[Entries taken from a collection]
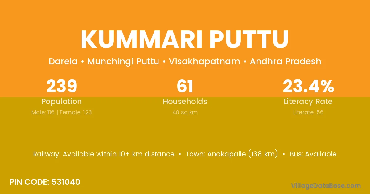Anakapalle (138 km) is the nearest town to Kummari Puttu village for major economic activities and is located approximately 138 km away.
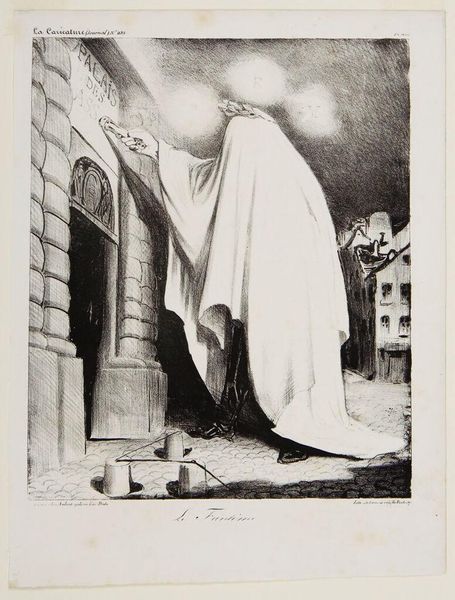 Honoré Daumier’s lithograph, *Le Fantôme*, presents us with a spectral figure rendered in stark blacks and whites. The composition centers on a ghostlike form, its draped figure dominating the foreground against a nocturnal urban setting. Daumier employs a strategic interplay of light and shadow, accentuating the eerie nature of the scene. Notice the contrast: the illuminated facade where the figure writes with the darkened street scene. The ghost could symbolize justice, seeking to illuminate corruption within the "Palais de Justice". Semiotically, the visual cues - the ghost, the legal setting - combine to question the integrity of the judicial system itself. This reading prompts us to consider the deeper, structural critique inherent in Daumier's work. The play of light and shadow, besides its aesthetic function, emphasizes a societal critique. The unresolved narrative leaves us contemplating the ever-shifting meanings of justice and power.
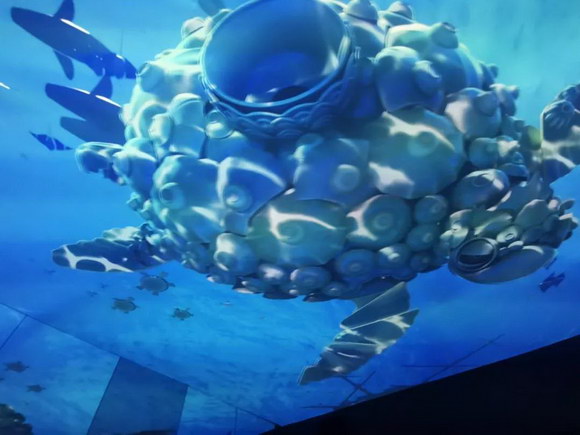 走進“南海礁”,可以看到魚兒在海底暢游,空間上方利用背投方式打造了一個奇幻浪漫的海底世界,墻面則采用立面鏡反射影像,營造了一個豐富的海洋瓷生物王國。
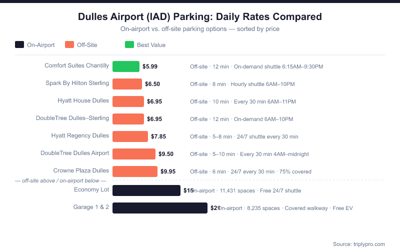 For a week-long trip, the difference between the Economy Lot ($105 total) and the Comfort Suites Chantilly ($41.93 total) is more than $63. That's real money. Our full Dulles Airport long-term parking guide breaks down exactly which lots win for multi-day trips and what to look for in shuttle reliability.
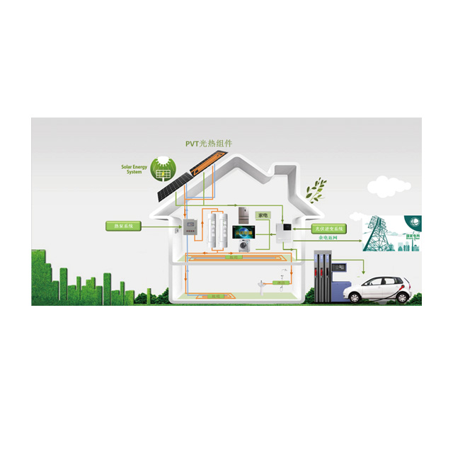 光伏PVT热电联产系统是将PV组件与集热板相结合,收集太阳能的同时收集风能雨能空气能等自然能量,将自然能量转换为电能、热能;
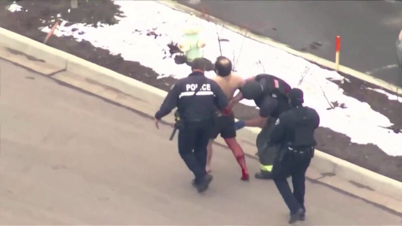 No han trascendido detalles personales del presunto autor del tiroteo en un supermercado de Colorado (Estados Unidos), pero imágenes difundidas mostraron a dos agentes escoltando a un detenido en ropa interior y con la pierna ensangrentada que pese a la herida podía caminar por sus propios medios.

- _Instructions to follow_
Your task is to return every entry exactly as it was written, with the pictures removed.

- _Exercise output_
Anakapalle (138 km) is the nearest town to Kummari Puttu village for major economic activities and is located approximately 138 km away.
 Honoré Daumier’s lithograph, *Le Fantôme*, presents us with a spectral figure rendered in stark blacks and whites. The composition centers on a ghostlike form, its draped figure dominating the foreground against a nocturnal urban setting. Daumier employs a strategic interplay of light and shadow, accentuating the eerie nature of the scene. Notice the contrast: the illuminated facade where the figure writes with the darkened street scene. The ghost could symbolize justice, seeking to illuminate corruption within the "Palais de Justice". Semiotically, the visual cues - the ghost, the legal setting - combine to question the integrity of the judicial system itself. This reading prompts us to consider the deeper, structural critique inherent in Daumier's work. The play of light and shadow, besides its aesthetic function, emphasizes a societal critique. The unresolved narrative leaves us contemplating the ever-shifting meanings of justice and power.
 走進“南海礁”,可以看到魚兒在海底暢游,空間上方利用背投方式打造了一個奇幻浪漫的海底世界,墻面則采用立面鏡反射影像,營造了一個豐富的海洋瓷生物王國。
 For a week-long trip, the difference between the Economy Lot ($105 total) and the Comfort Suites Chantilly ($41.93 total) is more than $63. That's real money. Our full Dulles Airport long-term parking guide breaks down exactly which lots win for multi-day trips and what to look for in shuttle reliability.
 光伏PVT热电联产系统是将PV组件与集热板相结合,收集太阳能的同时收集风能雨能空气能等自然能量,将自然能量转换为电能、热能;
 No han trascendido detalles personales del presunto autor del tiroteo en un supermercado de Colorado (Estados Unidos), pero imágenes difundidas mostraron a dos agentes escoltando a un detenido en ropa interior y con la pierna ensangrentada que pese a la herida podía caminar por sus propios medios.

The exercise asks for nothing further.